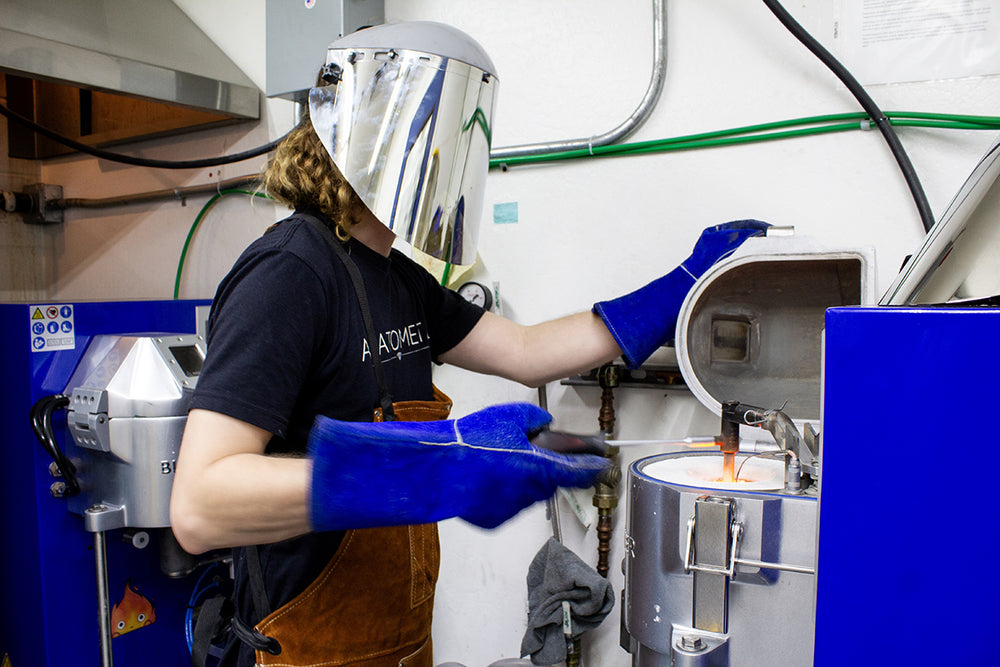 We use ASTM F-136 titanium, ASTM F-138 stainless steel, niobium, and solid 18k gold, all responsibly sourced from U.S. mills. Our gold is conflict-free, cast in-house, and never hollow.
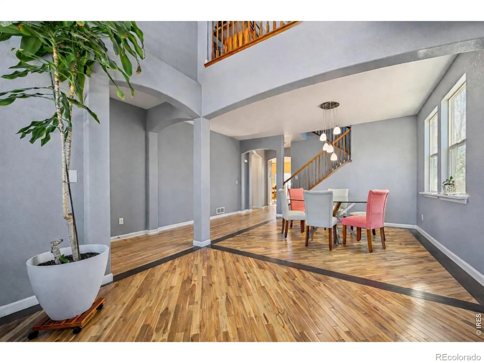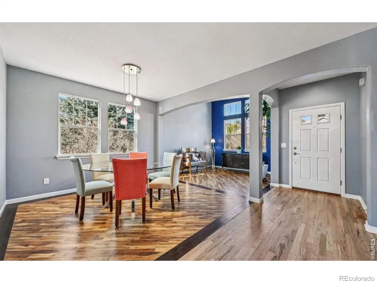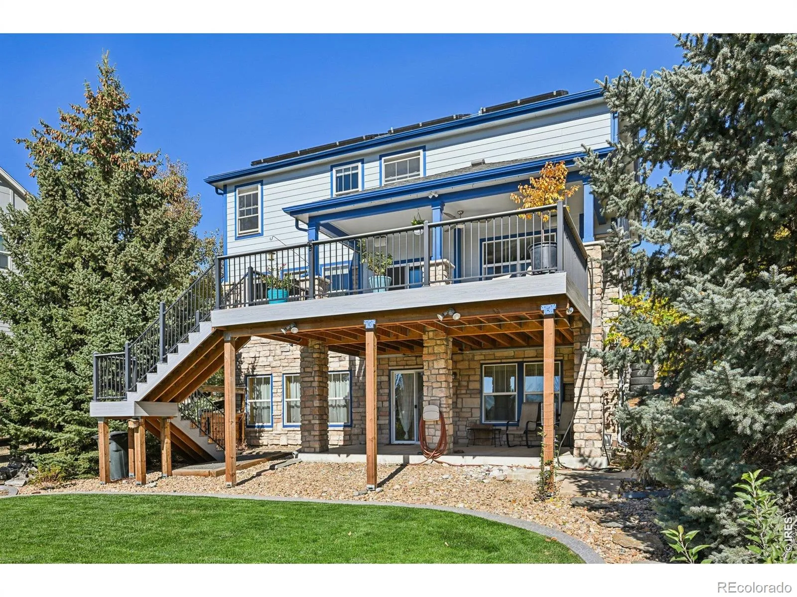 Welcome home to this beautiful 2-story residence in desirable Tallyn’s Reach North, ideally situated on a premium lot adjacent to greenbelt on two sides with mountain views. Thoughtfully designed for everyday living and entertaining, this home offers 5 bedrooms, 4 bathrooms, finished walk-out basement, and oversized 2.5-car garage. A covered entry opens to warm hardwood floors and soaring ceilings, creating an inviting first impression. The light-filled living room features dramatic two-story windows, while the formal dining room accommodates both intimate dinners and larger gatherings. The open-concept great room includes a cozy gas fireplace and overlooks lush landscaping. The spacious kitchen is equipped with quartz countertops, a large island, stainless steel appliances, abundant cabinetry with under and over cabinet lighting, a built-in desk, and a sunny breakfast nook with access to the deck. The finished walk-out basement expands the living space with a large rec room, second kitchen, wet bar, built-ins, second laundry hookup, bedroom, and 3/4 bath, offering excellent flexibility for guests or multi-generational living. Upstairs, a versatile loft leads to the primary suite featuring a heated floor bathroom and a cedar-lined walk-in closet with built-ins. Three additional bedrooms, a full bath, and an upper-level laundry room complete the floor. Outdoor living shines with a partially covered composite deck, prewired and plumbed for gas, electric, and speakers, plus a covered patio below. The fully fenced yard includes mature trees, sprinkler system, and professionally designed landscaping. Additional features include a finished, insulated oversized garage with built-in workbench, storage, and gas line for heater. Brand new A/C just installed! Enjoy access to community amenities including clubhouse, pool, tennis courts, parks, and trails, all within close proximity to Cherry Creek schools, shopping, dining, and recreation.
#####
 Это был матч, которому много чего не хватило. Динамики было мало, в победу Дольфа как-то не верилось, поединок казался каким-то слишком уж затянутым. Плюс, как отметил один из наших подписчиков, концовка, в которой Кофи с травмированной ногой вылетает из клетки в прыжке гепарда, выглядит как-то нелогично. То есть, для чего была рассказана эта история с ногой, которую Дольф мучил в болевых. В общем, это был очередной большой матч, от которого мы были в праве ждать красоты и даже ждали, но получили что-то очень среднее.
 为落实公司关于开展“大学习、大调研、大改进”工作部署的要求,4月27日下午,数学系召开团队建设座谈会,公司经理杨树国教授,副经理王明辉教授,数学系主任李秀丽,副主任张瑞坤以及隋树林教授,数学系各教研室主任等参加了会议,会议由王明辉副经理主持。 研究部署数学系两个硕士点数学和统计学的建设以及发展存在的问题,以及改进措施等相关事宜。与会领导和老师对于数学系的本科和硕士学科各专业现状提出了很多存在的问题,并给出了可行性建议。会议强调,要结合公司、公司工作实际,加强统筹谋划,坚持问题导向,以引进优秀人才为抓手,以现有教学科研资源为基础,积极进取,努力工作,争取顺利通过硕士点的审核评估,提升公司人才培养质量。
#####
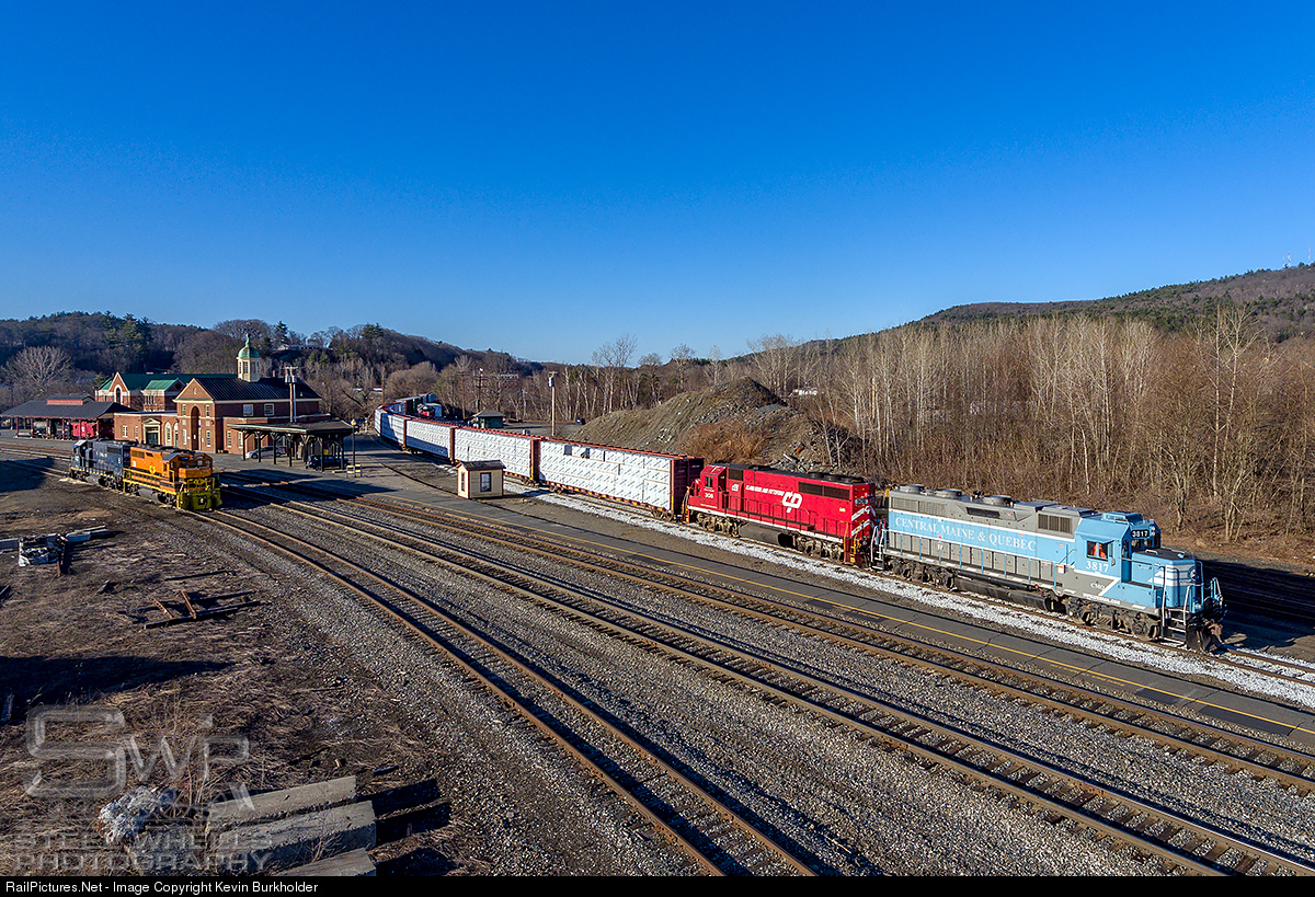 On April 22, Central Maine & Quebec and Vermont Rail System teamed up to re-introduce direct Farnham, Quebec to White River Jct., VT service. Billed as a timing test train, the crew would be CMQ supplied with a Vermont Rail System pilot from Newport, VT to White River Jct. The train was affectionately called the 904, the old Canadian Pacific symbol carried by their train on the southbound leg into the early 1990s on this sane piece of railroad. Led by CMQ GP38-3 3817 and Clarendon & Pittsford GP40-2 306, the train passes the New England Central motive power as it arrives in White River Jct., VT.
#####
**TASK ITEM:**
Skip every picture, and restate word for word only the lines above from the line containing "We use ASTM" to the line containing "Welcome home to", both of them included.

**ANSWER TO THE PROBLEM:**
 We use ASTM F-136 titanium, ASTM F-138 stainless steel, niobium, and solid 18k gold, all responsibly sourced from U.S. mills. Our gold is conflict-free, cast in-house, and never hollow.
 Welcome home to this beautiful 2-story residence in desirable Tallyn’s Reach North, ideally situated on a premium lot adjacent to greenbelt on two sides with mountain views. Thoughtfully designed for everyday living and entertaining, this home offers 5 bedrooms, 4 bathrooms, finished walk-out basement, and oversized 2.5-car garage. A covered entry opens to warm hardwood floors and soaring ceilings, creating an inviting first impression. The light-filled living room features dramatic two-story windows, while the formal dining room accommodates both intimate dinners and larger gatherings. The open-concept great room includes a cozy gas fireplace and overlooks lush landscaping. The spacious kitchen is equipped with quartz countertops, a large island, stainless steel appliances, abundant cabinetry with under and over cabinet lighting, a built-in desk, and a sunny breakfast nook with access to the deck. The finished walk-out basement expands the living space with a large rec room, second kitchen, wet bar, built-ins, second laundry hookup, bedroom, and 3/4 bath, offering excellent flexibility for guests or multi-generational living. Upstairs, a versatile loft leads to the primary suite featuring a heated floor bathroom and a cedar-lined walk-in closet with built-ins. Three additional bedrooms, a full bath, and an upper-level laundry room complete the floor. Outdoor living shines with a partially covered composite deck, prewired and plumbed for gas, electric, and speakers, plus a covered patio below. The fully fenced yard includes mature trees, sprinkler system, and professionally designed landscaping. Additional features include a finished, insulated oversized garage with built-in workbench, storage, and gas line for heater. Brand new A/C just installed! Enjoy access to community amenities including clubhouse, pool, tennis courts, parks, and trails, all within close proximity to Cherry Creek schools, shopping, dining, and recreation.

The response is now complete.